The Episcopal School of Baton Rouge is a private, college-preparatory, coeducational day school in Baton Rouge, Louisiana. Founded in 1965, it has approximately 900 students residing in East Baton Rouge Parish and surrounding areas, and has a student/teacher ratio of 10:1. The school serves students in grades PreK-3 through 12. Episcopal is located on a  campus located in the eastern section of the city of Baton Rouge.

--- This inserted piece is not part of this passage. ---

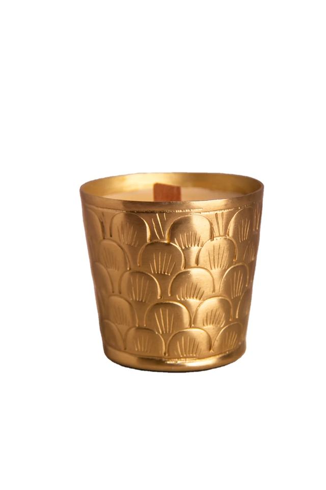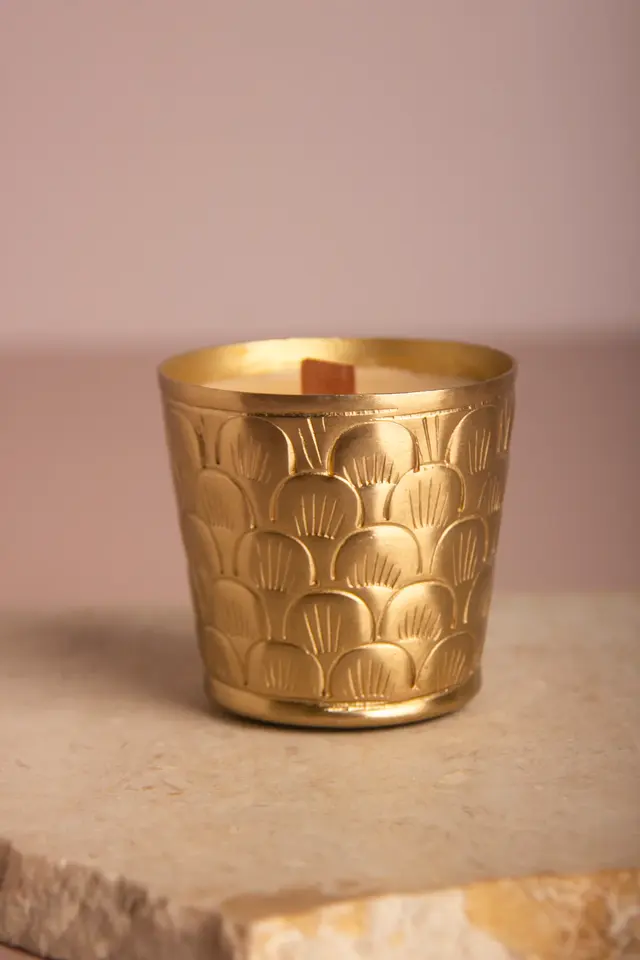 เชิงเทียนโลหะสีทองสุดหรูที่ทำจากทองเหลืองสลักลายหอยเชลล์และขัดเงาภายในเรียบ

Episcopal receives no funds from the Episcopal Diocese of Louisiana, solely relying on funds generated from tuition, fees, capital giving, and the Annual Fund, a yearly fundraising program in which all donations made are used for investment in school plans and facilities. The current administrative leadership includes division heads for the Lower School, Middle School, and Upper School.

History
Episcopal School of Baton Rouge was founded in 1964 originally as Episcopal High School with intentions of bringing an Episcopalian college preparatory school to Baton Rouge, Louisiana. Founding members of the school include G. Allen Penniman, Henry Klock, Dick H. Hearin, and A. C. Lewis. Originally on the site of St. James Episcopal Church of Baton Rouge and the old Baton Rouge Junior High School, Episcopal served approximately 300 students in grades 1–8. The first headmaster was Reverend Ralph Webster.

In 1968, students in grades 5-11 moved to the new campus located at 3200 Woodland Ridge Blvd. Students in grades 1-4 remained at the church until the new buildings were completed.  The first senior class of 13 matriculated in 1969.

The school's gymnasium was destroyed in 1971 by a tornado spawned from Hurricane Edith, and much of the rest of the campus was heavily damaged.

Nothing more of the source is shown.